Given the critical accolades tossed at Josh Safdie and Timothee Chalamet’s film, it’s worth recalling, even a month later, the main reasons I labelled Marty Supreme “unwatchable.”
1. Marty’s character, which dominates the film, is so abhorrent any possibility of “enjoying” the movie evaporates. Yes, Chalamet does a remarkable acting job, presumably at Safdie’s direction, of making his character unlikeable. His selfishness is bad enough, but it his cruelty to others that is most repellent. (Should I overlook Marty’s ugliness and admire his creation as a work of art? Let me just note that I have the same test for paintings. I’ll take a Copley or Sargent or Velazquez portrait of a handsome man or beautiful women any day over someone plain or unattractive.)
2. The absurdity of Marty’s table tennis career. I suppose ping-pong doesn’t require the extreme conditioning of some other sports, but to be a world champion of anything one must be in good shape and practice hard and often. Marty’s irresponsible, not to say licentious and quasi-criminal, lifestyle, left no room for actually working on his game.
3. The table tennis itself. Having to film more than one match, the director seemed at a loss to differentiate the action, repeating over and over the same play of slam-and-race-across-the-room-to-retrieve. To my untrained eye, it also appeared that CGI was taking over the ball in flight.
4. To stick with the sport, Marty’s win over the Japanese champion was totally unsupported by the script. The film made a point of explaining that Marty’s loss to Endo at the British Open was due to a new kind of racket that Endo was using. And the loss was convincing. What had changed for the rematch? Marty hadn’t adopted the new racket, he was playing in Endo’s home country and he was either jet-lagged or hadn’t slept for 48 hours.
5. Then what about those orange ping-pong balls? The movie built this invention up to be a breakthrough, then it went nowhere.
6. Okay, let’s move on to Kay Stone. However tired of her marriage she is, are we to believe she would answer Marty’s cold call, then stay on the line with his rude manners, then come to his room for a quickie?

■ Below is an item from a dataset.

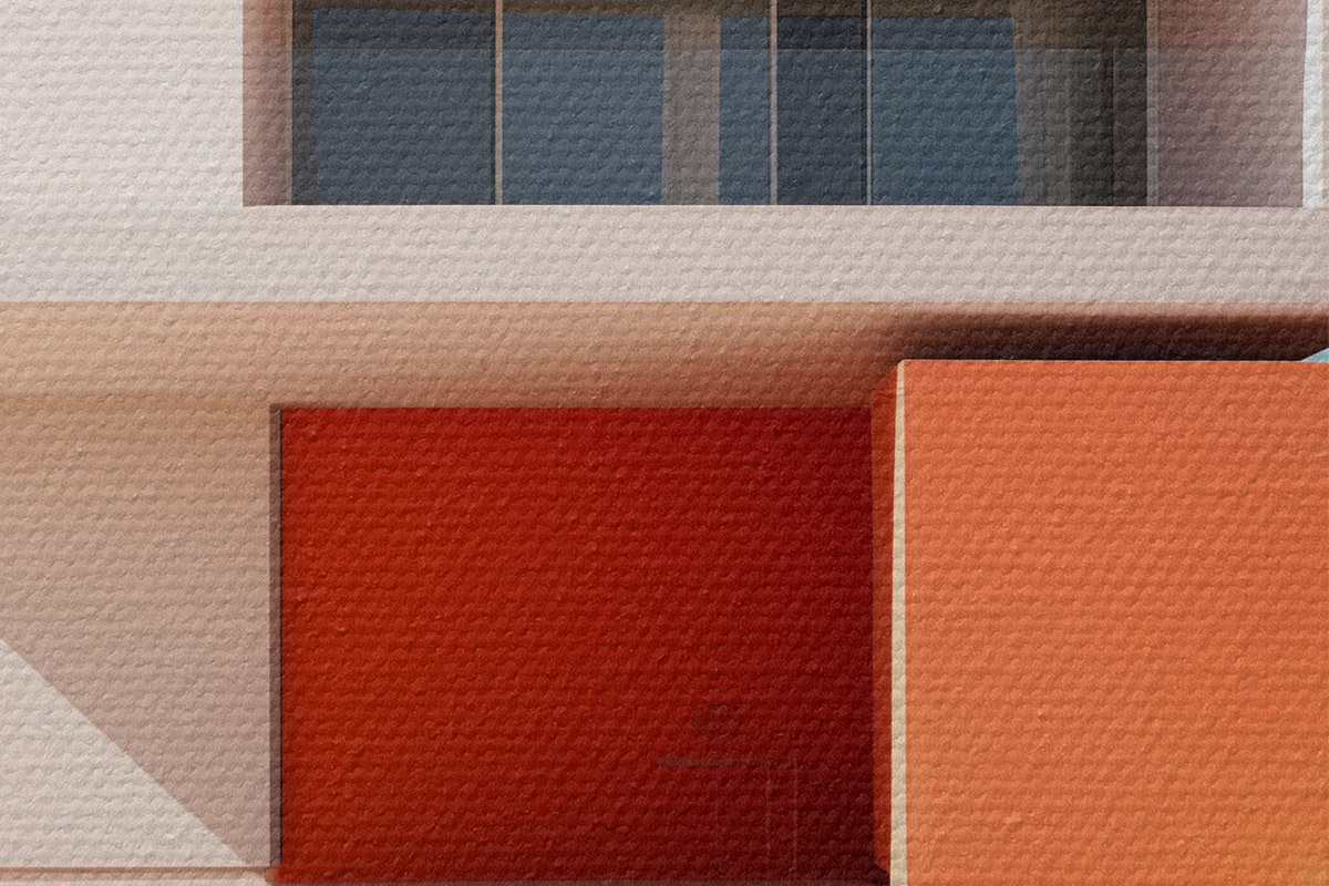 Afbeelding Minimalistisch architectonisch landschap, huis en zwembad Nr r40811
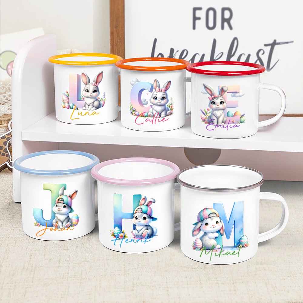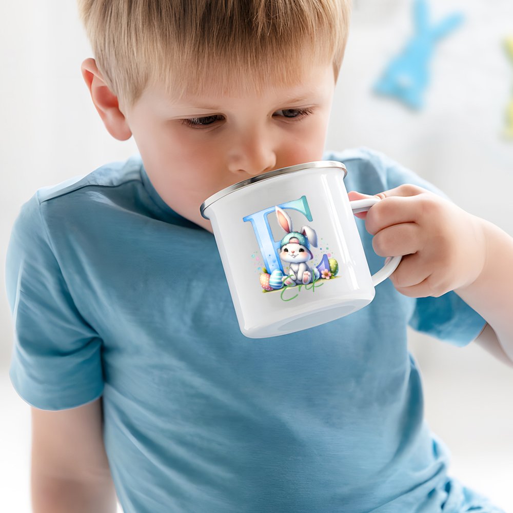 Den här charmiga emaljmuggen har ett bedårande påskhare-motiv som direkt sprider en härlig påskstämning. Genom att trycka barnets namn och initialer blir muggen helt unik – en personlig favorit som barnet kommer att älska att plocka fram, påsk efter påsk.

And continue a relationship with nothing in it for her? Their relationship just made me squirm.
7.  Speaking of this relationship, the scene in Central Park was another head-scratcher. We learned that Safdie prides himself on using amateur non-actors; as good as Pico Iyer was in his role, the cops in the Park were embarrassingly bad. (I didn’t feel that way about Kevin O’Leary, but Siri thought him a terrible actor before knowing he wasn’t one.)
8. The dog subplot. This didn’t bother me as much as it did my friends with dogs, but it seemed to belong to another movie. What little sense it made dissipated when Marty and Rachel tried to pass off a dog that bore no resemblance to the canine in question.
9. The falling bathtub. Again, this belonged to a different movie, maybe one with the Three Stooges. It was also poorly set up by the landlord adjuring Marty not to take a shower, not a bath.
10. The ending. Were we supposed to believe that Marty has grown a heart because he coos over his newborn child? If so, it’s an undeserved ending. If not, why use it?
I’ve previously mentioned that I didn’t like any of the songs Safdie used (rare for a film), but I suppose that’s a matter of taste.

Nuremberg – 6

It’s tricky to make a modern historical drama where the viewer has his own context to compare. It doesn’t help when the American characters played by Michael Shannon and Remi Malek come across as clueless and incompetent, while Russell Crowe’s Hermann Goering is masterful and compelling. But the film seems populated by symbolic figures, not real people. Still, I wish the famous trial could have made some sense, historic or dramatic.

Housemaid – 7.8

A feminist fun-house frolic and frightfest, glued together by the acting chops of Sydney Sweeney. The story makes an inexplicable 180-degree pivot midstream, but I was enjoying myself so much I didn’t mind. It was a good time at the movies, not something to analyze.

La Grazia – 7.5

So Italian, as with every film by Paolo Sorrentino. The story compresses the last six months of a presidency into three actions, but it is the loneliness of old age that is the subject with the existential question, “who owns our days?” Beautifully acted and shot in a wide-screen format that surrounds every figure with the air of Rome.